IDiot Cards
Saturday, November 24th, 2007One of my pet topics has bubbled to the forefront of media attention in Britain over the past week. The reason for this was a howling blunder on behalf of the HMRC governmental department (Her Majesty’s Revenue and Cockups) who managed to mislay personal details of 25 million UK citizens including their names, addresses, date of births, National Insurance numbers and bank account details. A junior official at HMRC was able to download this information onto a couple of CDs and pop them in the regular post, where of course they subsequently disappeared. Oops.
This is the same government advocating compulsory ID cards for all UK citizens, that will contain substantially more information than was on these CDs. But this argument is well trodden, and I am against ID cards for reasons more fundamental than of potential fraud: it is the wrong relationship between the citizen and the state: they do not own us – they work for us.
Ethics aside, it is also doomed to failure. As long as humans are humans, we will always be susceptible to error – an asset for evolution, but not so hot for super-sized security logistics. It only takes a single error for any national identity scheme to be compromised. Once the data is out there, it can never ever be retrieved.
Human error within the “system” is only one potential fallibility, the other is the system itself. Ministers are touting biometric data as the silver bullet to fraud prevention. They point towards finger print data (pardon the pun) as a means of secure authentication. The fact that you can replicate someone’s fingerprints using encoded data on a biometric chip, some cryptographic know-how and a £12.50 trip to Maplin’s seems to have been conveniently ignored. If we rely solely on this kind of technology in the future then we’re in for Trouble.
And don’t expect the banks to look after you either, they care as much about security as turkeys do for Christmas.

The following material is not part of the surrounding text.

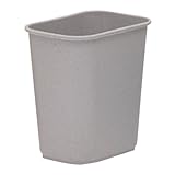 The Rubbermaid Commercial Deskside Vanity trash can is a rectangular wastebasket, made of LLDPE, with a rolled rim. LLDPE (linear low-density polyethylene) has greater resistance to dents, cracks, punctures, and ultraviolet (UV) rays than LDPE (low-density polyethylene). This injection-molded garbage can has a rolled rim for added strength. Rounded corners and smooth contours enable the trash can to be wiped clean. It measures 10-1/8 x 6-3/4 x 9-7/8 inches (H x W x D). (H is height, the vertical distance from lowest to highest point; W is width, the horizontal distance from left to right; D is depth, the horizontal distance from front to back.) It has a capacity of 8-1/8 quarts. The Rubbermaid Commercial Deskside Vanity trash can is suitabl

For example, when I phone my bank I am asked a series of “security” questions for authentication. Fine, no problem. But whenever the bank phones me, they still ask for the same authentication! This is so utterly, utterly stupid. I could phone up anyone pretending to be from a bank and demand all sorts of personal information. Banks fail to understand that authentication is a 2-way process.
Not that authentication seems to bother HSBC too much either. About a month ago I received a letter, addressed to “Ms X” at my address. As Ms X has never lived here I phoned the bank to see what was going on and to suggest that someone was using my address for potentially fraudulent purposes. Next week I received 2 statements and a paying-in book. Another phone call to the “fraud” department, in New Delhi. A few days later, a cheque book arrived. Another phone call. The following week, a PIN number arrived in the post as did a note from a courier attempting to deliver a credit card. Another phone call to HSBC. There has been nothing for a few days now so perhaps they’ve got the message, but I wouldn’t trust this bunch of fools with my money if that’s the way they treat fraud.
I fear that the ID cards issue has now become too politicised to be debated rationally. Yes we need an alternative to using utility bills for authentication, and there are many things we can all do to achieve this – using a little common sense for a start – but investing in billions for a system that could be outwitted by bowl of bananas certainly isn’t the answer.